Brief description of drawings

[0014] Figure 1 is a perspective view of a flexible coupling according to the invention with the output connected to a second coupling to allow a rotatable input to be connected to misaligned rotatable output; [0015] Figure 2 is a perspective view from another angle of the flexible joint of figure 1; [0016] Figure 3 is a perspective view of the flex element of figures 1 and 2 in isolation; [0017] Figure 4 is an exploded diagram showing the component part of the flexible coupling of figures 1 and 2, the second coupling is omitted in this figure; [0018] Figure 5 is a side view of the flexible coupling of figures 1 and 2 with the output connected to a second coupling to allow a rotatable input to be connected to misaligned rotatable output showing the second coupling misaligned; [0019] Figure 6 is a section on the plane A-A of figure 5; [0020] Figure 7 is a section on the line B-B of figure 6 but showing the second coupling aligned; [0021] Figure 8 is a section on the line C-C of figure 6 but showing the second coupling aligned; [0022] Figure 9 illustrates a double concentric coupling suitable for employment with the flexible coupling of the present invention; and [0023] Figure 10 is a vertical section through the couplings of figure 9; [0024] Figure 11 is a section of a second example of the invention, the section being similar to figure 8; [0025] Figure 12 is a section of the second example of the invention on the line DD of fgure11; [0026] Figure 13 is an exploded perspective view of the second example of the invention; and [0027] Figure 14 is another exploded perspective view of the invention from different angle to that of figure 13.
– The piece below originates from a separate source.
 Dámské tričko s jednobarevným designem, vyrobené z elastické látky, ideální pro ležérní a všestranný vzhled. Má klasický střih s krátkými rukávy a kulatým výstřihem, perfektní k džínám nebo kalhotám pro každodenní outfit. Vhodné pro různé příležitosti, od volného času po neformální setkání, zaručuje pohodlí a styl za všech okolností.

Examples of the Invention [0028] In figures 1 to 8, the output of a flexible coupling 1 is the input of coupling 10 to connect misaligned rotating drives.
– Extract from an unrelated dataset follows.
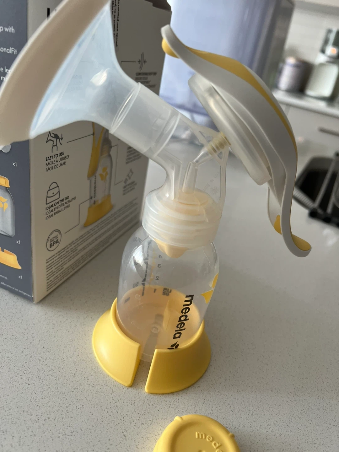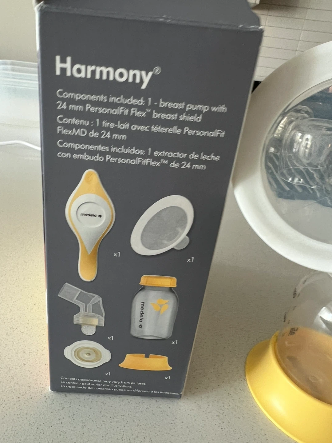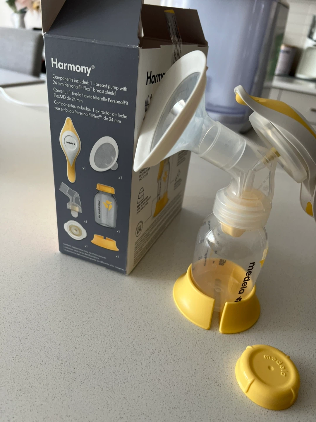 Selling a Medela Harmony manual breast pump! It's lightweight and portable, making it super convenient for on-the-go use. The box includes all the components you see here. It's designed for comfort and efficiency, so you can pump with ease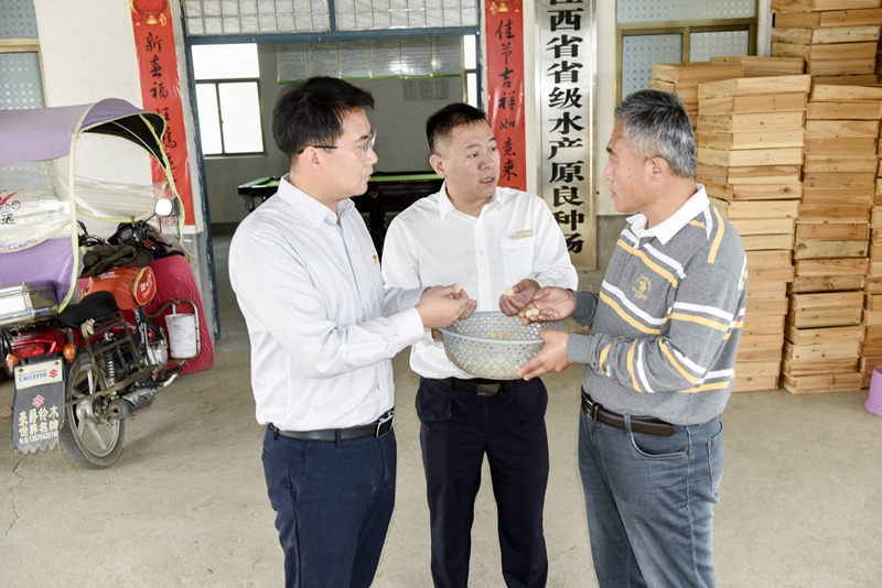 近年来,江西南丰农商银行充分发挥县域金融主力军作用,聚焦当地特色产业,全力扶持广大村民发展龟鳖养殖产业,促进农民増收,助力乡村振兴。自2020年以来,该行累计发放龟鳖产业类贷款947户、金额达4.56亿元。图为该行客户经理在贷款户蔚晓阳的甲鱼基地了解生产及贷款使用情况。 本报记者 刘志良 摄

[0029] The flexible coupling 1 comprises a first end disc shaped plate 5 connectable to a rotatable input drive and a second disc shaped end plate 6 parallel and opposed to the first end plate 5 and both end plates disposed around a central axis X. [0030] The first end plate 5 has an axle 52 centred on the central axis extending therefrom towards the other of said end plates 6. The axle has an end plate 57, which is bolted by bots 58 to the end plate 5.

[0031] The second end plate 6 has a tube 62 ending therefrom co-axially around the axle 52 and forming a housing for a pair of bearings 42 between the tube 62 and the axle 52. The tube is stepped 64 to allow the bearings 42 to be seated. The bearings 42 are held in place at one end of tube 62 by an annular locking nut 55 having an internal screw thread 56 co-operating with an external screw thread 54 around the axle 52. A flared washer 60, is placed between the annular member 55 and one of the pairs of bearings 42. At the other end of tube 62 the bearings are held in place by a stepped portion 53 of axle 52.

[0032]Around the tube 62 is disposed a flex-ring 3 shown in more detail in figure 3. The flex-ring 3 comprises an even number (six in this case) of wedge blocks 34 and 36, forming dividers between elastomeric members 32 disposed equidistantly from one another around the tube 62. The blocks 34 and 36 are separated from one another by elastomeric members 32. Alternate blocks 36 are bolted to the first end plate 5 by bolts 7. In the embodiment of figures 1 to 8, blocks 34 and 36 are of a wedge shape, with slightly curved side walls as seen in the figures.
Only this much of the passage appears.